Dialogo, sicurezza e ricostruzione

L’intesa, sostenuta personalmente dal presidente americano Donald Trump, si propone di garantire sicurezza e diritti a entrambe le popolazioni coinvolte, ribadendo che le future dispute dovranno essere risolte con strumenti diplomatici e non con la forza.

Il testo dell’accordo mette in primo piano la cooperazione internazionale e la tutela dei civili. I leader firmatari – Trump, Abdel Fattah al-Sisi, Tamim bin Hamad Al Thani e Recep Tayyip Erdoğan – hanno sottolineato la necessità di combattere l’estremismo attraverso istruzione, lavoro e dialogo interreligioso.

In vista della fase successiva, il Cairo ospiterà a novembre una nuova conferenza dedicata alla ricostruzione di Gaza, con la partecipazione di governi e organismi multilaterali.

Amministrazione transitoria e sicurezza sul campo

Uno dei nodi ancora aperti riguarda la gestione della Striscia nel periodo di transizione. Si valuta la creazione di un organismo di amministrazione temporanea, in grado di garantire servizi essenziali e ordine pubblico fino a un assetto politico stabile.

Trump ha inoltre proposto che, in questa fase iniziale, anche rappresentanti di Hamas possano contribuire al mantenimento della sicurezza, fungendo da forza di polizia locale sotto supervisione internazionale. Parallelamente, un contingente multinazionale dovrebbe coordinare il disarmo graduale delle milizie e il ritiro delle truppe israeliane.

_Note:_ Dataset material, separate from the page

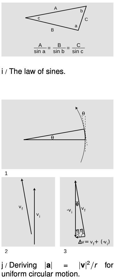 In this section I derive a simple and very useful equation for the magnitude of the acceleration of an object undergoing constant acceleration. The law of sines is involved, so I've recapped it in figure i.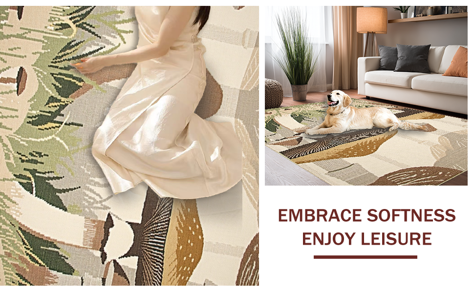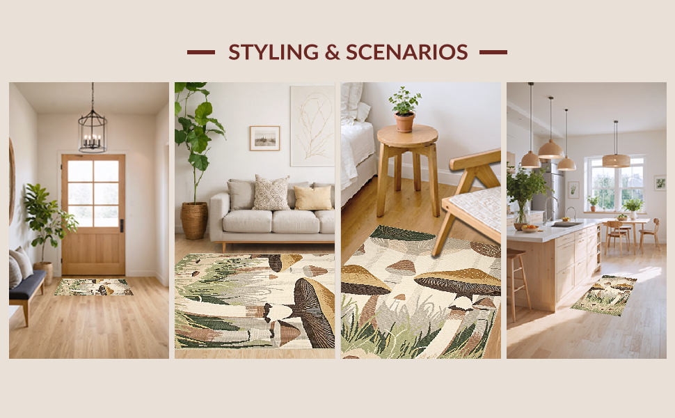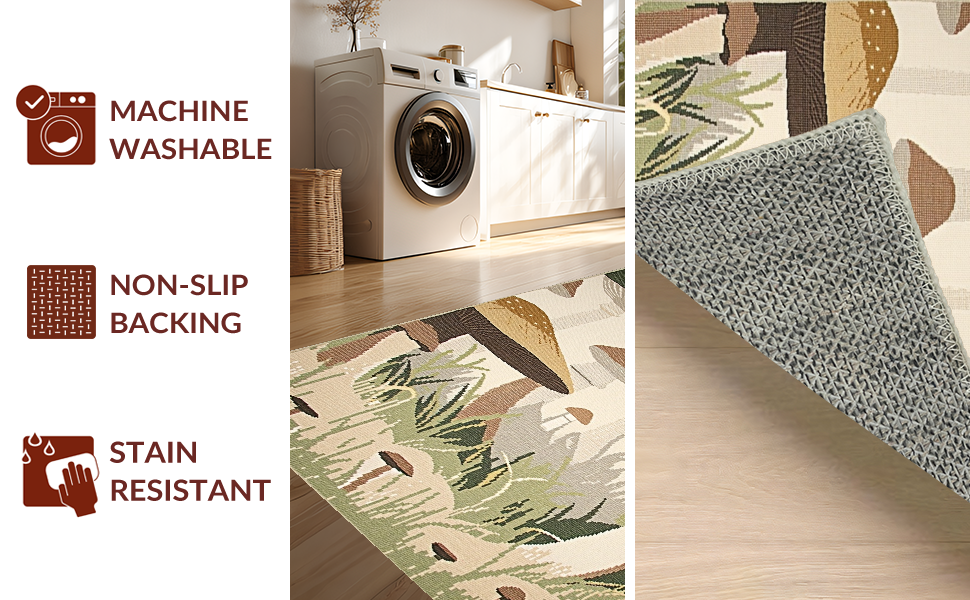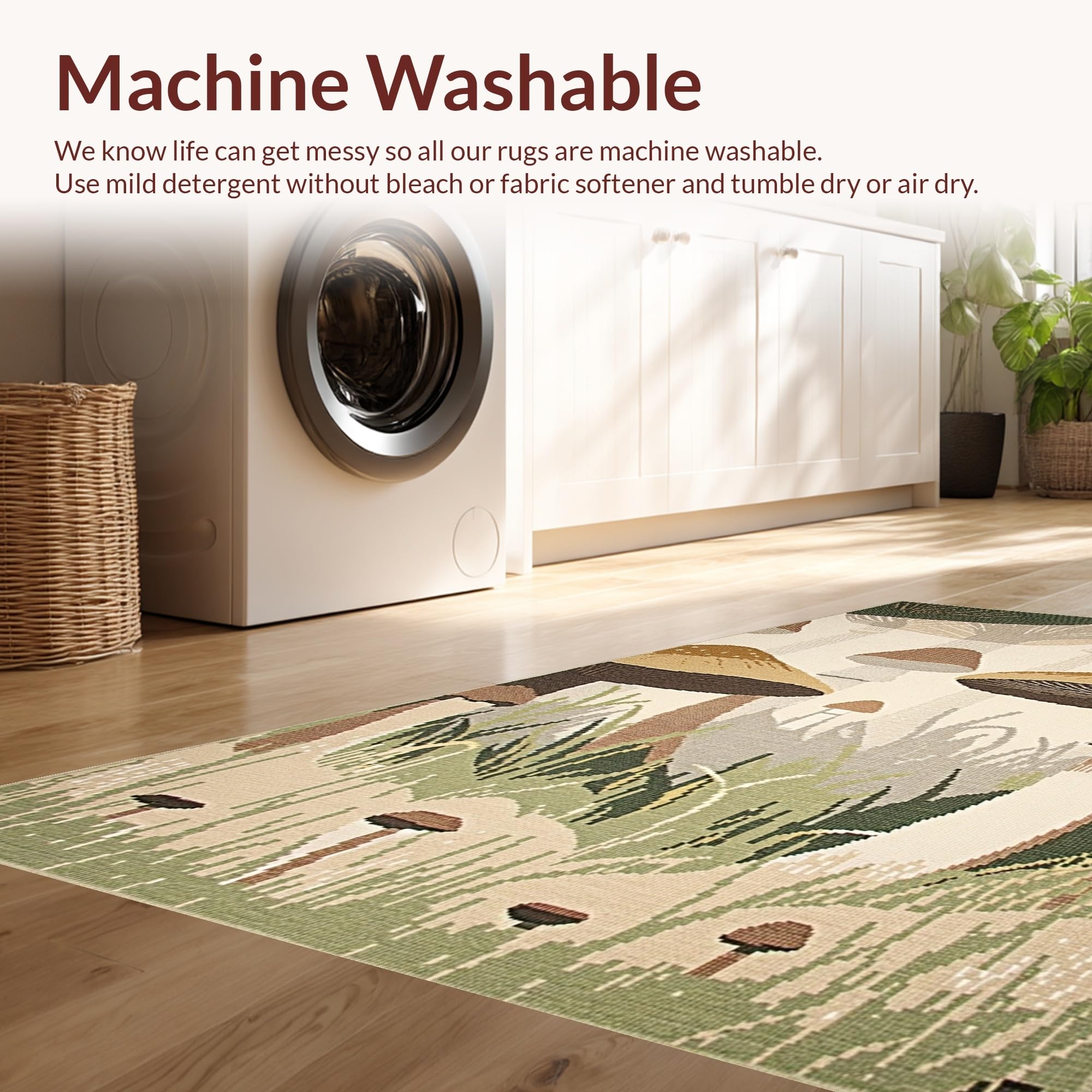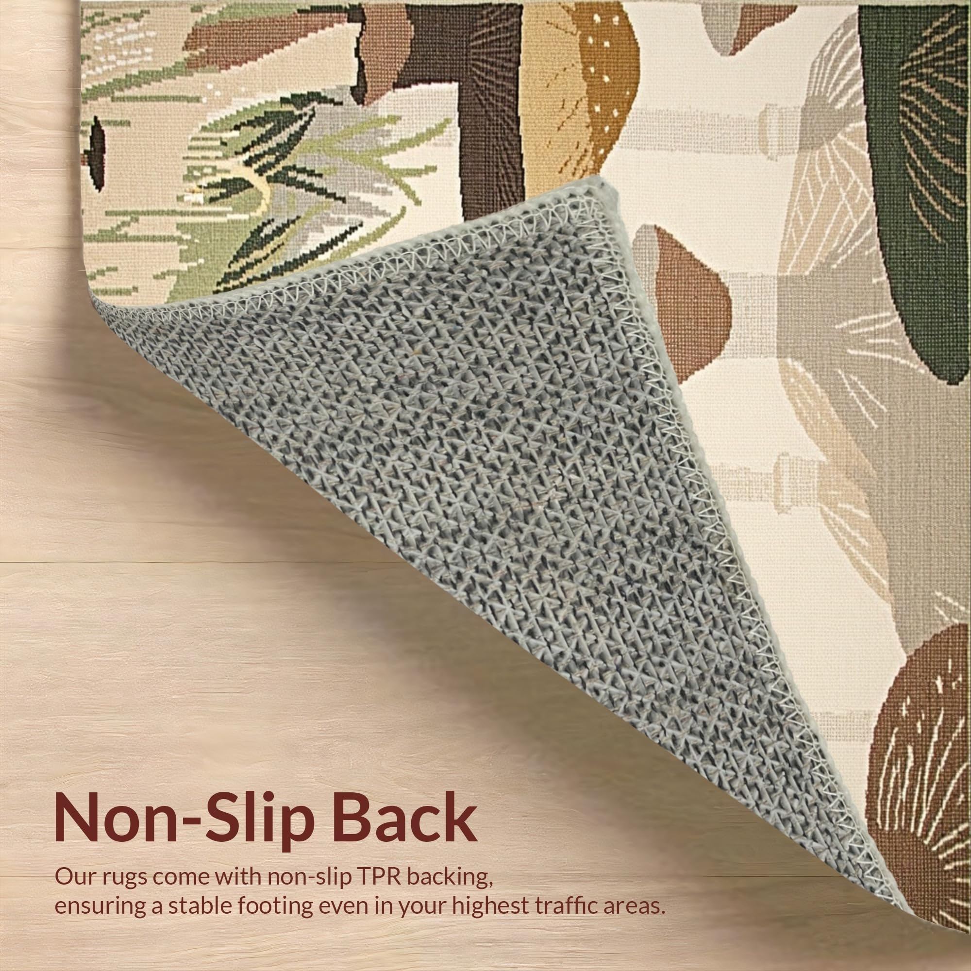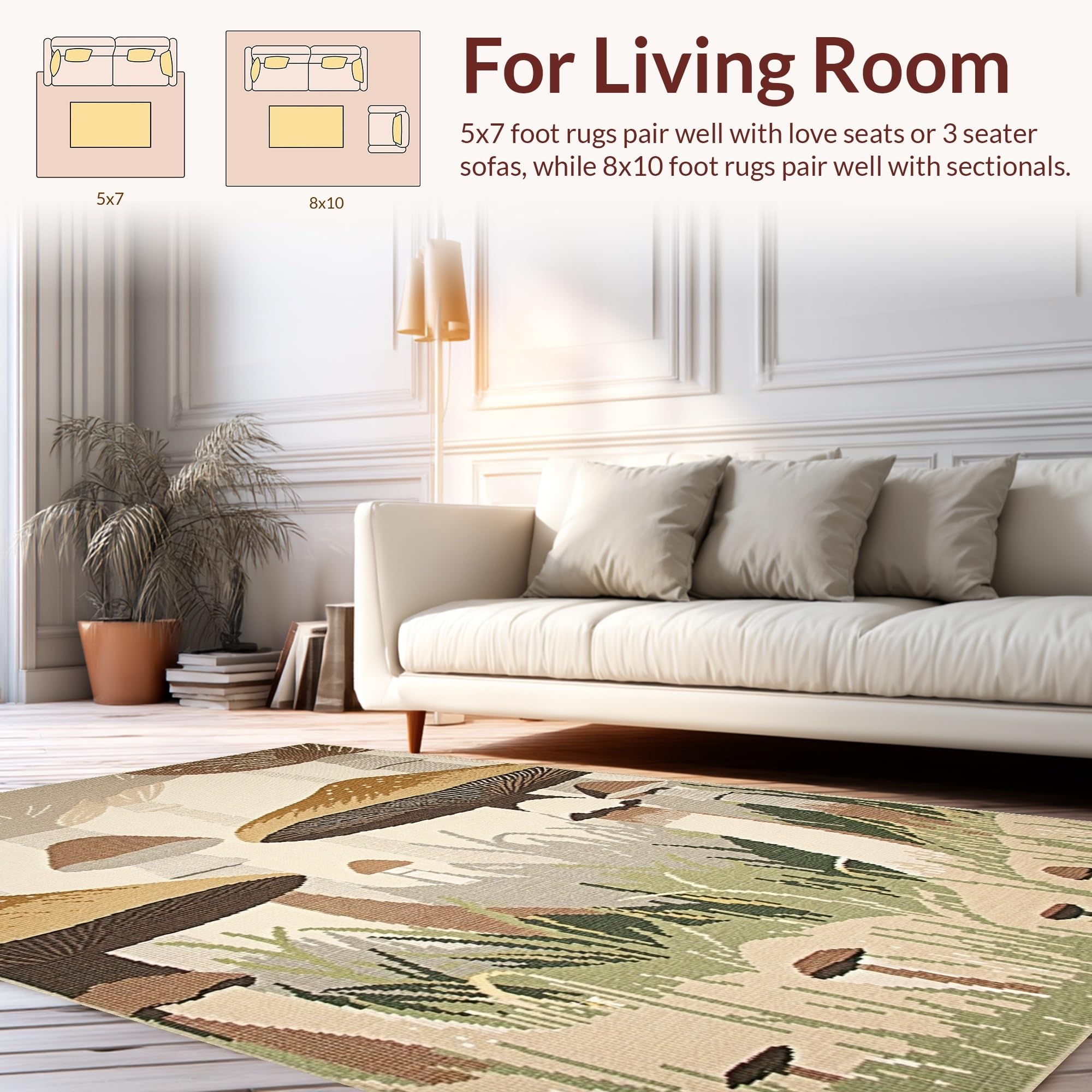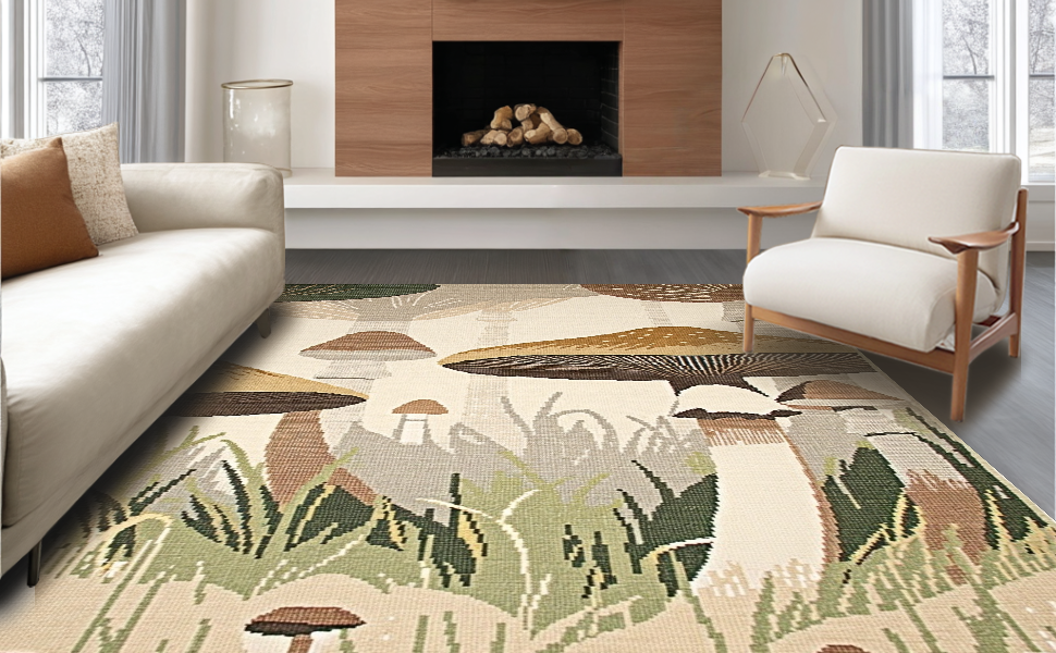 Ultra Soft Area Rug, Non Slip, Stain Resistant, Washable Area Rugs for Living Room, Bedroom, Cozy Farmhouse-Inspired Mushroom Motif(Beige) Overview:

Il fronte umanitario e gli aiuti internazionali

Sul piano umanitario, le Nazioni Unite hanno annunciato lo stanziamento di 20 milioni di dollari destinati a sostenere la popolazione di Gaza, in vista dell’inverno. I fondi serviranno a fornire carburante, assistenza sanitaria e approvvigionamenti di base, in collaborazione con le ONG presenti sul territorio.

Verso una nuova fase per il Medio Oriente

Il summit egiziano segna un passaggio chiave nel tentativo di ricomporre decenni di tensioni. “È un giorno incredibile per la pace”, ha dichiarato Trump, che ha definito l’accordo “il primo passo verso un Medio Oriente stabile e prospero”.

Restano tuttavia interrogativi sulla reale tenuta della tregua e sulla capacità delle parti di rispettare gli impegni presi. Ma per la prima volta dopo mesi di conflitto, la diplomazia torna al centro della scena.